The cocktails at Starling are named for birds. Order a Canary's Kiss, an Ironwood Perch, or a Hummingbird Sour, and the drinks menu tips its hand: the bar is not a supporting act here, it is half the reason to come. Starling works the ByWard Market as a contemporary Canadian bistro where the glass carries as much of the evening as the plate, and the conceit runs deep enough that even the non-alcoholic options — the Placebos — get folded into the same list. This is a restaurant built for the night out. A birthday, a first date, a table of friends in from out of town: those are the occasions the place is shaped around, and the drink list is the first thing it hands across to make the case.
The food is modern comfort with the corners sharpened. Bang Bang Shrimp arrives crisp and spicy under green onion and cilantro, the easiest first order when a table wants heat and crunch before it settles in. Beef Tartare comes with caper, shallot, gherkin, whole-grain mustard, and grilled focaccia; Hot Crab Dip leans on lump crab and Havarti under the same bread; Yellowfin Tuna Ceviche brightens with avocado emulsion, chili, and lime. The dinner mains hold the centre — Seared Duck Breast with summer citrus salad, beetroot puree, and toasted shaved almonds; Steak Frites built on a ten-ounce AAA striploin with shoestring fries and peppercorn sauce; Baked Rigatoni Alla Vodka with house-made pasta, nduja, Italian sausage, and fior di latte. The Starling Burger stacks a house-ground double smashed patty with bacon jam, American cheese, and cowboy candy, and Oishi Tempura Cauliflower gives the vegetable side of the table something with the same swagger. The kitchen frames all of it as dishes meant either for a single plate or for the middle of the table.
What the menu shows is range without drift. A list this broad — seared tuna on one line, a smashed double-patty burger the next, mushroom ravioli after that — could read as a kitchen trying to be everything to everyone.
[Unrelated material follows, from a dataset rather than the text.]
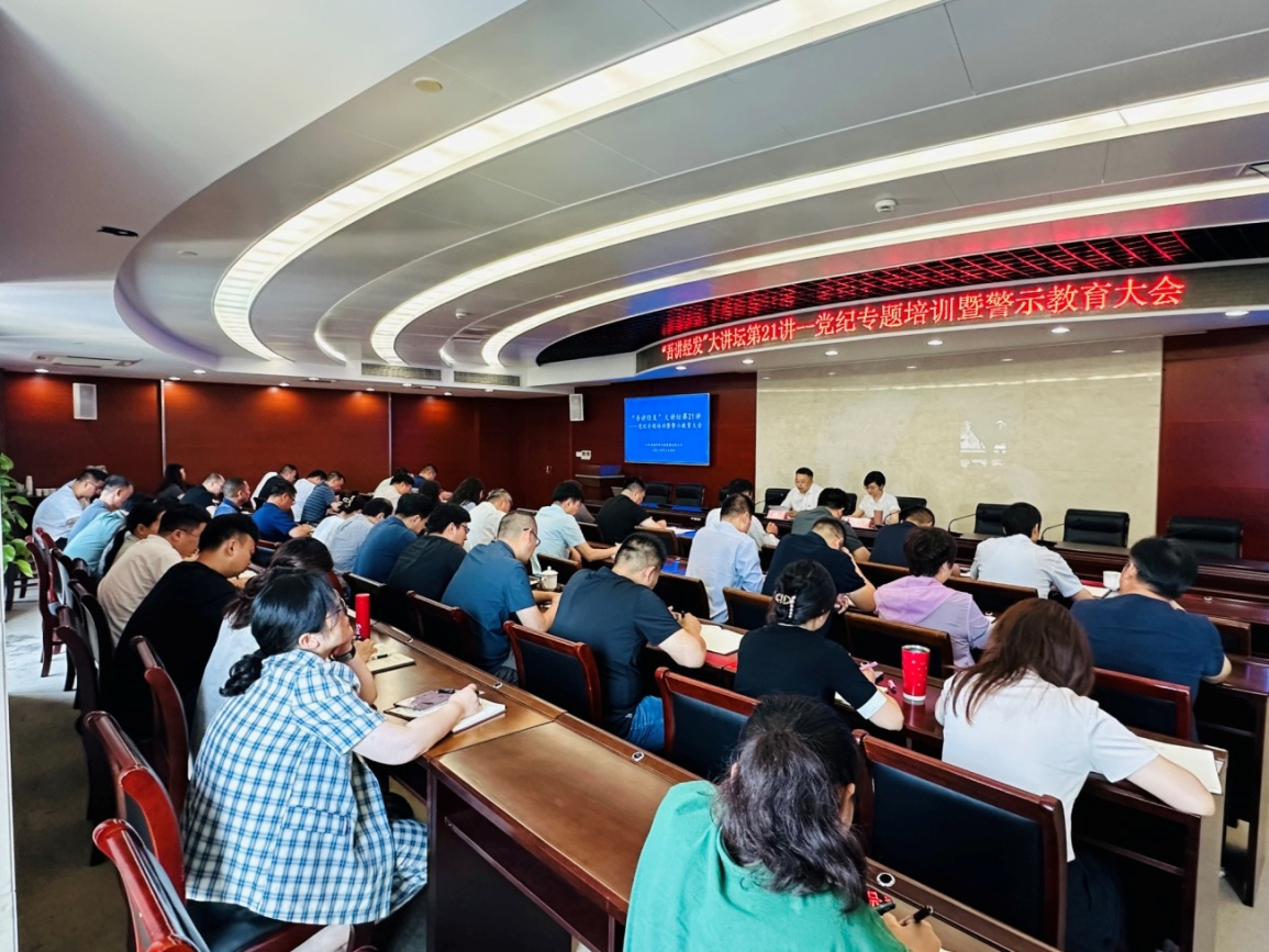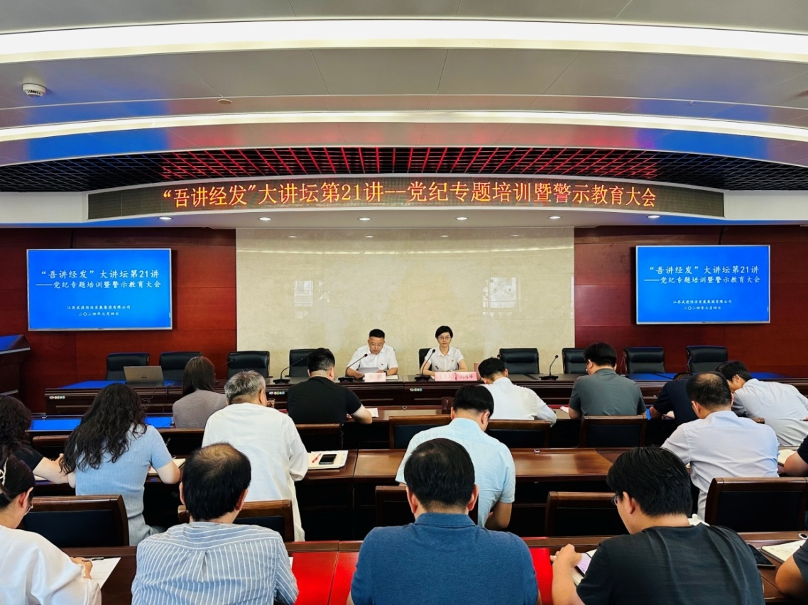根据党纪学习教育工作安排,7月4日上午,经发集团召开“吾讲经发”党纪专题培训暨警示教育大会。深入学习贯彻习近平总书记关于全面加强党的纪律建设的重要论述,以案说德、以案说纪、以案说法、以案说责,教育引导党员干部增强政治定力、纪律定力、道德定力、抵腐定力,永葆忠诚干净担当的政治本色,巩固发展风清气正的良好政治生态。武进区财政局组织人事科科长袁亚莅临指导。集团党委委员、纪委书记刘海琴主持会议。集团党委书记、总经理陈鹏出席会议并讲话。集团领导班子成员、本部全体中层管理人员、各直属党支部支委成员及下属公司高管参加会议。

Starling keeps it in a single comfort lane instead, and lets a couple of dishes do the distinguishing. Bang Bang Shrimp and the Seared Duck Breast are the two most tables gravitate toward, the crisp-and-spicy opener and the polished main that together show what the kitchen is genuinely good at. There is civic texture in the smaller print, too: the Beef Tartare is tied to a local school breakfast program, the kind of quiet arrangement a restaurant makes when it means to stay part of its neighbourhood.
Starling opened in 2022 inside York on William, an 1875 ByWard Market building with a hospitality history longer than most of its block. The address has held restaurants before — the Fish Market, Coasters, Vineyards Wine Bar — and that lineage is part of what the dining room trades on now. Stone and age do work a new build cannot, and Starling leans into it rather than papering over it. The setting is the reason an evening here reads as an occasion and not simply a meal.
The week reshapes the place more than once. Weekend brunch runs Saturday and Sunday around the Starling Brekkie, Eggs Benedict, buttermilk pancakes, French toast, and a Shakshuka Skillet; Saturday is the quieter pick, when the food is the main event, and Sunday brings a live-music set that turns the mid-morning into something closer to a show. When the weather turns, the rooftop opens for a Sunday series that runs from late spring into early September. It adds up to less a single restaurant than a few of them stacked in one building — a cocktail bar after dark, a brunch table on the weekend, a patio in summer — and the smartest way to use Starling is to decide which one you came for before you book.